Supplied information >>
▬▬▬▬▬▬▬▬▬▬
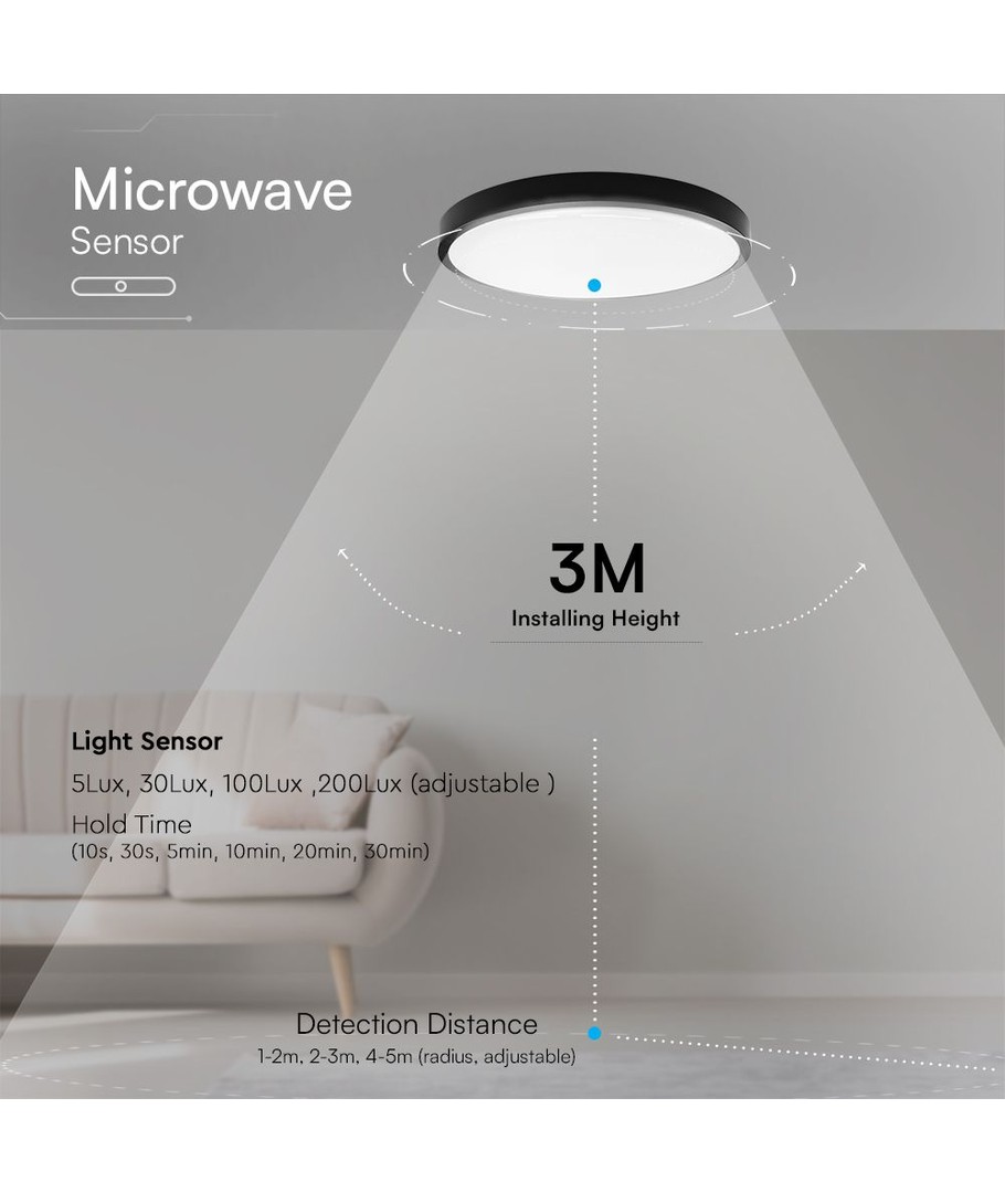 | Aanvullende opmerkingen | Light-on duration: 10s, 30s, 5min, 10min, 20min, 30min. Sensor distance: 1-2m,2-3m,4-5m(radius,adjustable). Ambient light level: 5lux,30lux,100lux,200lux(adjustable). |
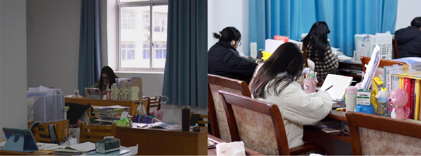 “专属考研自习室为我们提供安静、舒适的备考环境。暑假期间,学校领导多次来到自习室关心慰问,每一次的温暖鼓励都给我们带来新鲜动力。”
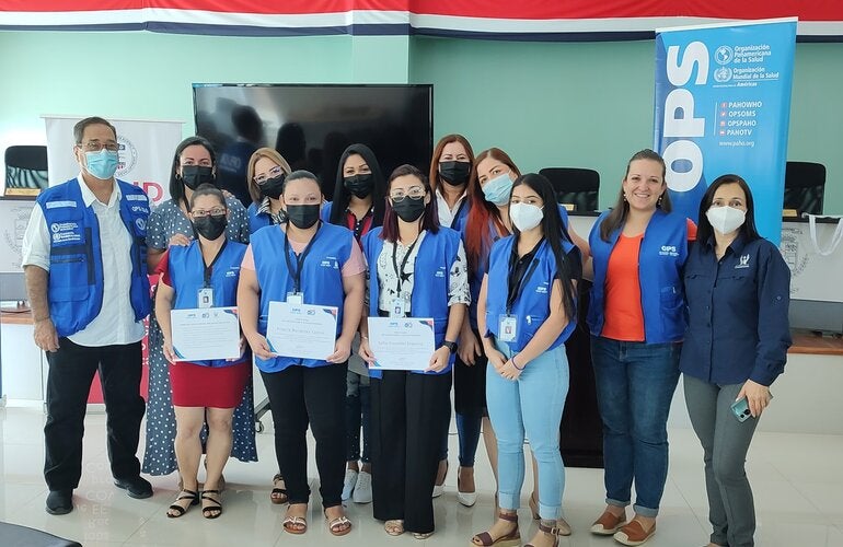 Adicionalmente, en conjunto con la Fundación Ciudadanía Activa -socio implementador del proyecto- se entregó un reconocimiento a las 10 lideresas del cantón de Corredores que, tras ser capacitadas sobre temas relacionados con salud, visitaron regularmente a familias de su comunidad para compartir la información, asumiendo así un rol clave en la promoción de la salud comunitaria en temas como salud mental, enfermedades transmisibles, vacunación, COVID-19, migración y salud, entre otros.
▬▬▬▬▬▬▬▬▬▬
Aim of the exercise >> Return the listing above in an exact copy that leaves out the images.

Answer for this exercise >>
 | Aanvullende opmerkingen | Light-on duration: 10s, 30s, 5min, 10min, 20min, 30min. Sensor distance: 1-2m,2-3m,4-5m(radius,adjustable). Ambient light level: 5lux,30lux,100lux,200lux(adjustable). |
 “专属考研自习室为我们提供安静、舒适的备考环境。暑假期间,学校领导多次来到自习室关心慰问,每一次的温暖鼓励都给我们带来新鲜动力。”
 Adicionalmente, en conjunto con la Fundación Ciudadanía Activa -socio implementador del proyecto- se entregó un reconocimiento a las 10 lideresas del cantón de Corredores que, tras ser capacitadas sobre temas relacionados con salud, visitaron regularmente a familias de su comunidad para compartir la información, asumiendo así un rol clave en la promoción de la salud comunitaria en temas como salud mental, enfermedades transmisibles, vacunación, COVID-19, migración y salud, entre otros.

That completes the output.